For each entry, return the text exactly and omit any image.

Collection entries
□ □ □ □ □
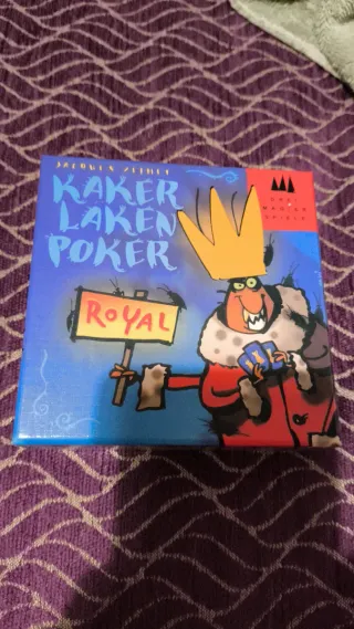 Juego de mesa Kaker Laken Poker de Jacques Zeimet. - Ilustración de un rey con corona y cartas. - Incluye un cartel con la palabra ROYAL.
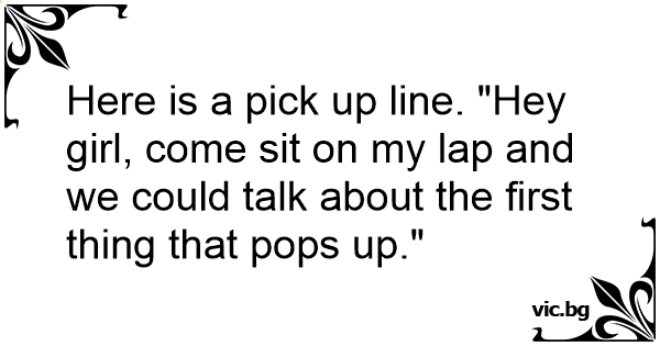 Here is a pick up line. "Hey girl, come sit on my lap and we could talk about the first thing that pops up."
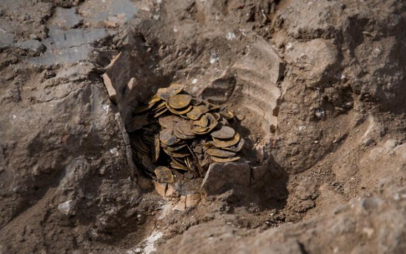 وأعلنت سلطة الآثار التابعة للاحتلال عن اكتشاف هذا "الكنز النادر، وهو يضم 425 قطعة نقدية ذهبية من فترة الخلافة العباسية، يعود تاريخها إلى ما يقرب من 1100 عام، وذلك خلال عملية تنقيب أثري في وسط البلاد (فلسطين)".
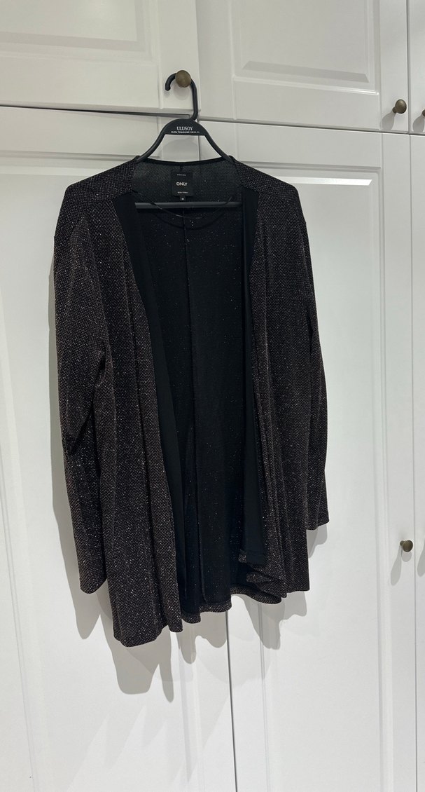 Siyah kadın hırka, salaş kesim, yumuşak sentetik kumaştan üretilmiştir. Uzun kollu, drapeli ve kesik yakalıdır, ofis kullanımı için uygundur. Hiç giyilmedi. Parlak kumaş
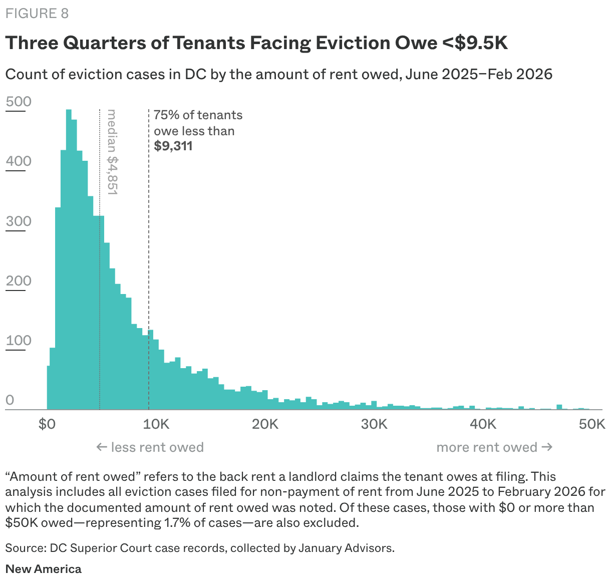 The median amount of back rent owed by tenants at the time of an eviction filing between June 2025 and February 2026 was $4,851. As illustrated by Figure 8, half of tenants with a filing from this time period owed less than $4,851 at the time of filing, and three-quarters owed less than $9,311.
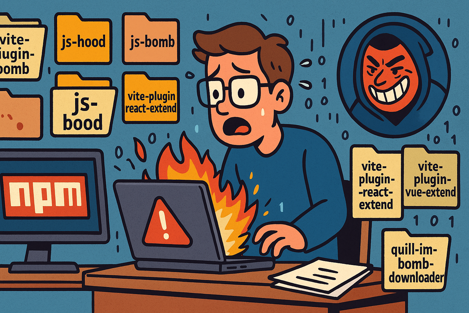 A terminal window with red warning text and broken JavaScript icons symbolizing malware in code packages
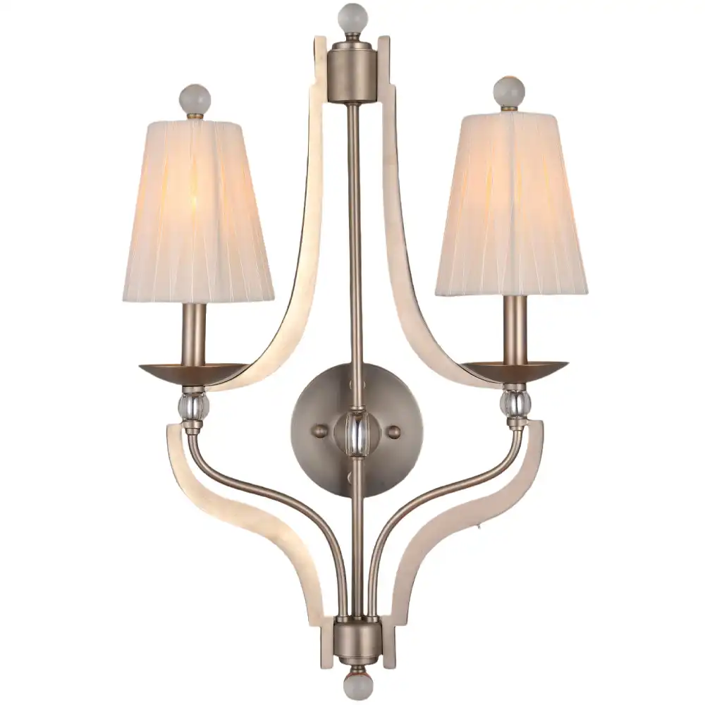 Introduce a touch of elegant sophistication and soft, inviting illumination to your interiors with our Glamorous Transitional Brushed Gold 2-Light Wall Sconce with Pleated Shades and Crystal Accents. Meticulously handcrafted at our professional decorative light fixture factory in China, this exquisite wall lighting piece embodies a profound understanding of glamorous, transitional, traditional, and contemporary interior design. It seamlessly blends high-strength metal with a refined brushed gold finish, delicate pleated fabric shades, and shimmering crystal ball accents. Designed for enduring beauty, stability, and long-term reliability, it’s an ideal selection for discerning designers and end-users seeking distinctive, artistic, and functionally superior lighting solutions for master bedrooms, elegant hallways, formal living areas, or any space desiring a sophisticated, luminous accent.
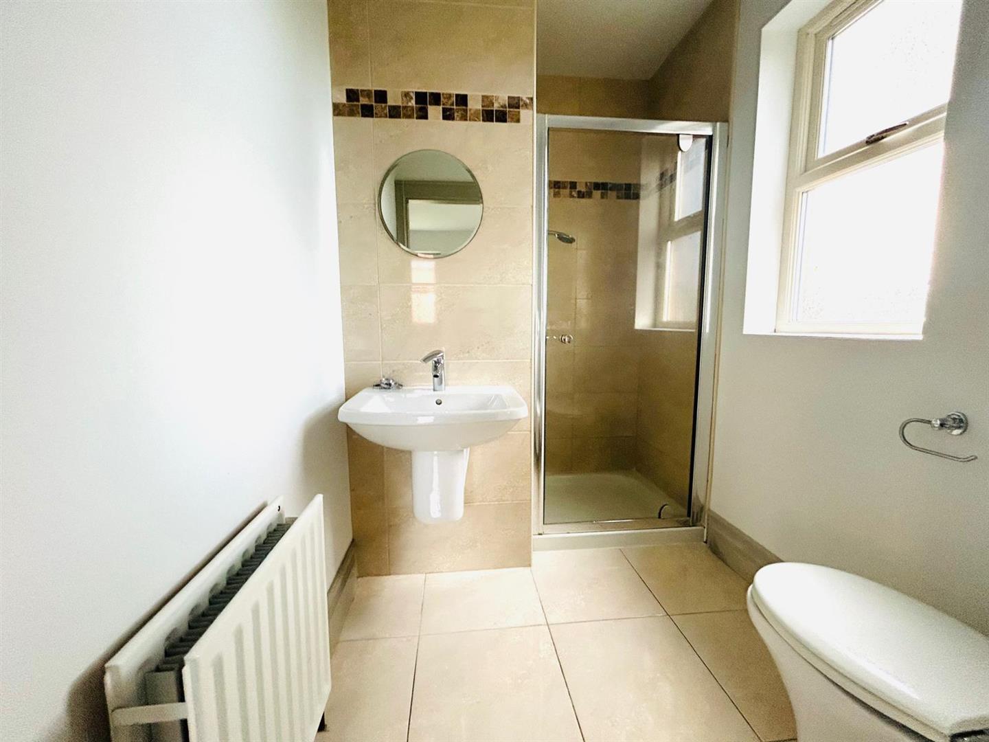 Comprising fully tiled walk in shower, whb with mixer taps and tiling around, wc, extactor fan, tiled floor.
□ □ □ □ □
» **Answer**
 Juego de mesa Kaker Laken Poker de Jacques Zeimet. - Ilustración de un rey con corona y cartas. - Incluye un cartel con la palabra ROYAL.
 Here is a pick up line. "Hey girl, come sit on my lap and we could talk about the first thing that pops up."
 وأعلنت سلطة الآثار التابعة للاحتلال عن اكتشاف هذا "الكنز النادر، وهو يضم 425 قطعة نقدية ذهبية من فترة الخلافة العباسية، يعود تاريخها إلى ما يقرب من 1100 عام، وذلك خلال عملية تنقيب أثري في وسط البلاد (فلسطين)".
 Siyah kadın hırka, salaş kesim, yumuşak sentetik kumaştan üretilmiştir. Uzun kollu, drapeli ve kesik yakalıdır, ofis kullanımı için uygundur. Hiç giyilmedi. Parlak kumaş
 The median amount of back rent owed by tenants at the time of an eviction filing between June 2025 and February 2026 was $4,851. As illustrated by Figure 8, half of tenants with a filing from this time period owed less than $4,851 at the time of filing, and three-quarters owed less than $9,311.
 A terminal window with red warning text and broken JavaScript icons symbolizing malware in code packages
 Introduce a touch of elegant sophistication and soft, inviting illumination to your interiors with our Glamorous Transitional Brushed Gold 2-Light Wall Sconce with Pleated Shades and Crystal Accents. Meticulously handcrafted at our professional decorative light fixture factory in China, this exquisite wall lighting piece embodies a profound understanding of glamorous, transitional, traditional, and contemporary interior design. It seamlessly blends high-strength metal with a refined brushed gold finish, delicate pleated fabric shades, and shimmering crystal ball accents. Designed for enduring beauty, stability, and long-term reliability, it’s an ideal selection for discerning designers and end-users seeking distinctive, artistic, and functionally superior lighting solutions for master bedrooms, elegant hallways, formal living areas, or any space desiring a sophisticated, luminous accent.
 Comprising fully tiled walk in shower, whb with mixer taps and tiling around, wc, extactor fan, tiled floor.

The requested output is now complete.